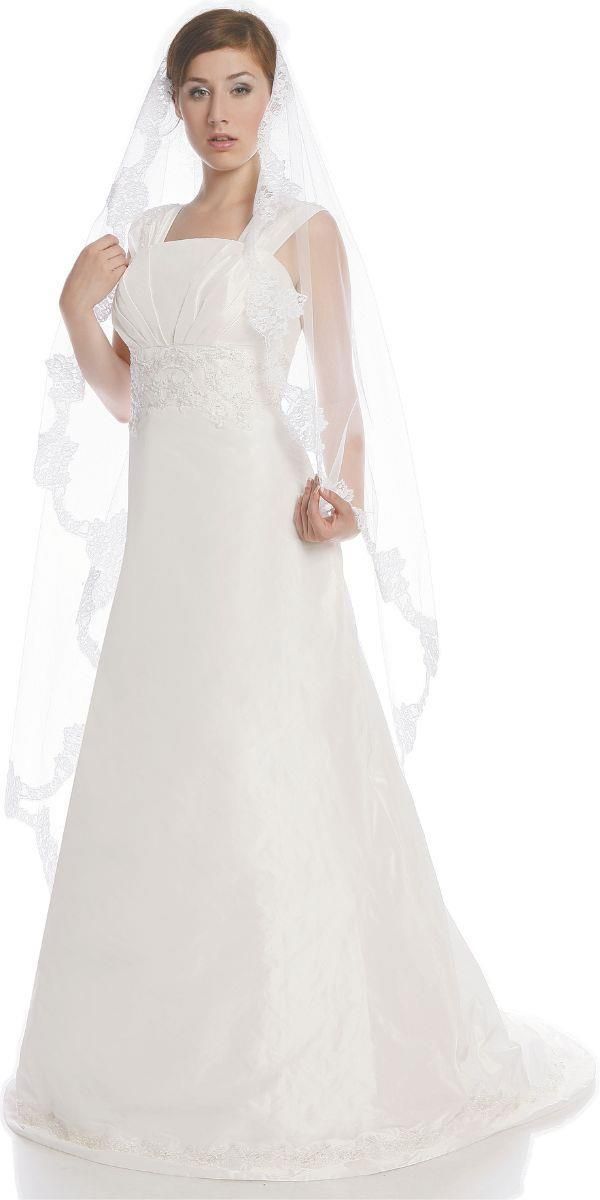 Fason: empire Dekolt przód: karo Plecy: dekolt karo Zapięcie: suwak kryty z tyłu Ozdoby: haftowana aplikacja, koraliki Materiał: tafta, tiul
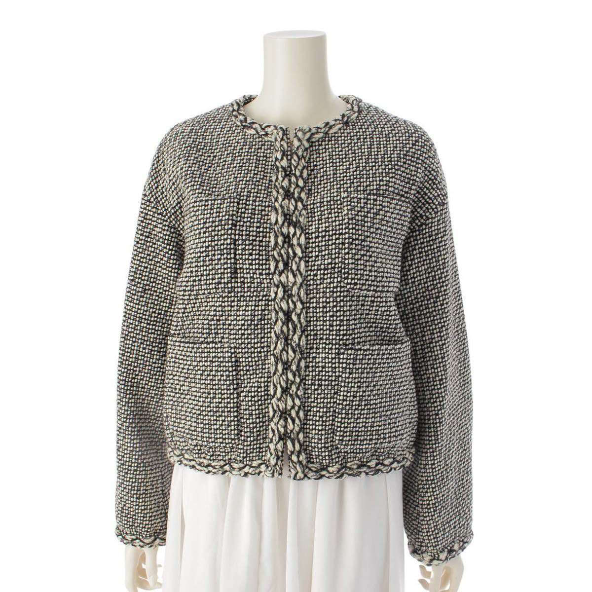 ドゥロワー DRAWER 22年 ノーカラー ツイード ジャケット トップス 6522-299-0724 ホワイト ブラック 36
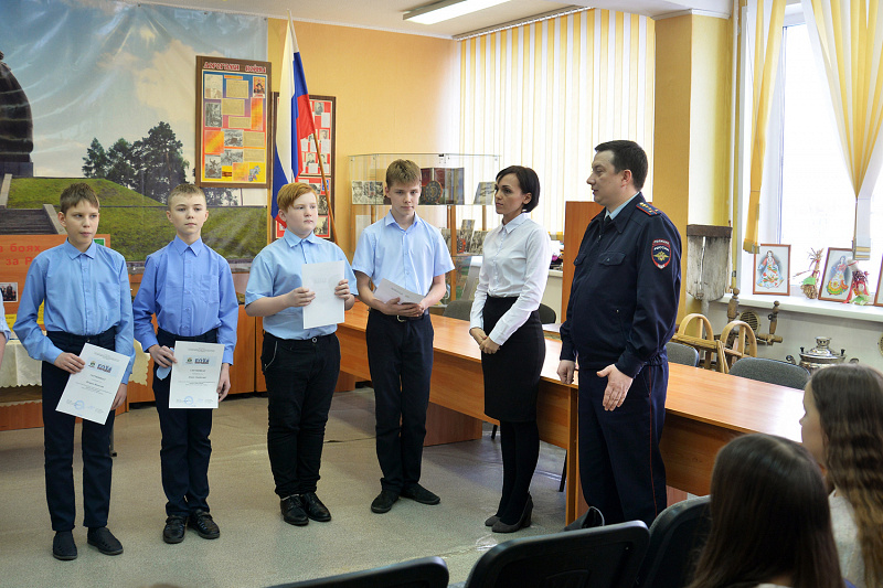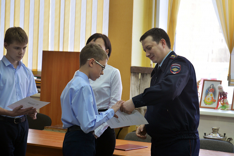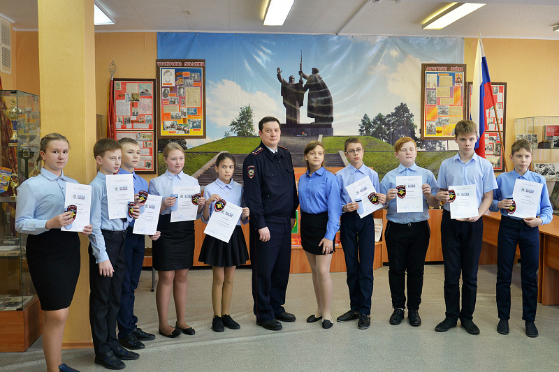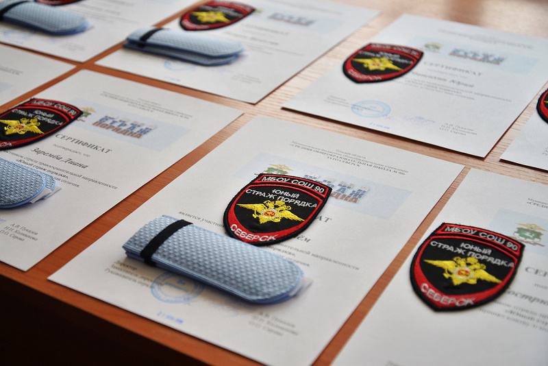 Заместитель директора по правовому воспитанию и организационной работе школы, обращаясь к присутствующим, подчеркнула важность данного направления работы с детьми, ведь проект «Юный страж порядка» способствует развитию дисциплинированности и ответственности, после чего начальник ОДН УМВД России по ЗАТО Северск Сергей Осипенко вручил каждому участнику отряда комплекты и сертификаты Юных стражей порядка, поздравил и пожелал хорошо учиться и быть примером для своих сверстников.
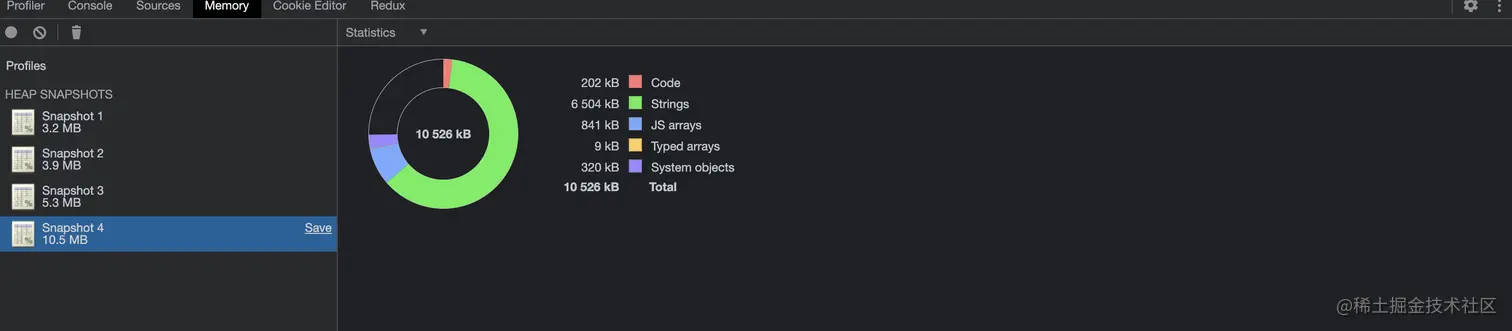 接下来通过示例代码,打印快照简单介绍一下分析工具 memory的 4 个视图
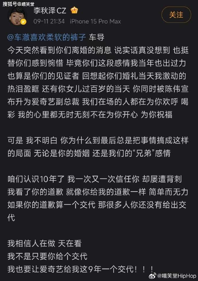 众所周知,在这段时间里,李秋泽一直在点名车澈,他始终认为,《中国有嘻哈》节目的创意是属于他的。
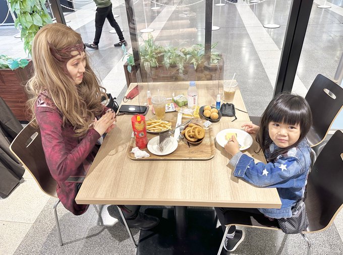 ミニアメリカチャベスはMCU大集合のコスプレギャザリングに参加した後、お腹空いたー!と騒ぎまくり近くのカフェで休憩😨 分かりやすくご機嫌になりました👧🏻🇺🇸(笑) #東京コミコン #東京コミコン2022 #東京コミコンコスプレ #ドクターストレンジMoM
_ _ _ _ _
§ **Problem requirements**
Print the material in full and exactly, minus the pictures.

§ **Response to the exercise**
 Fason: empire Dekolt przód: karo Plecy: dekolt karo Zapięcie: suwak kryty z tyłu Ozdoby: haftowana aplikacja, koraliki Materiał: tafta, tiul
 ドゥロワー DRAWER 22年 ノーカラー ツイード ジャケット トップス 6522-299-0724 ホワイト ブラック 36
 Заместитель директора по правовому воспитанию и организационной работе школы, обращаясь к присутствующим, подчеркнула важность данного направления работы с детьми, ведь проект «Юный страж порядка» способствует развитию дисциплинированности и ответственности, после чего начальник ОДН УМВД России по ЗАТО Северск Сергей Осипенко вручил каждому участнику отряда комплекты и сертификаты Юных стражей порядка, поздравил и пожелал хорошо учиться и быть примером для своих сверстников.
 接下来通过示例代码,打印快照简单介绍一下分析工具 memory的 4 个视图
 众所周知,在这段时间里,李秋泽一直在点名车澈,他始终认为,《中国有嘻哈》节目的创意是属于他的。
 ミニアメリカチャベスはMCU大集合のコスプレギャザリングに参加した後、お腹空いたー!と騒ぎまくり近くのカフェで休憩😨 分かりやすくご機嫌になりました👧🏻🇺🇸(笑) #東京コミコン #東京コミコン2022 #東京コミコンコスプレ #ドクターストレンジMoM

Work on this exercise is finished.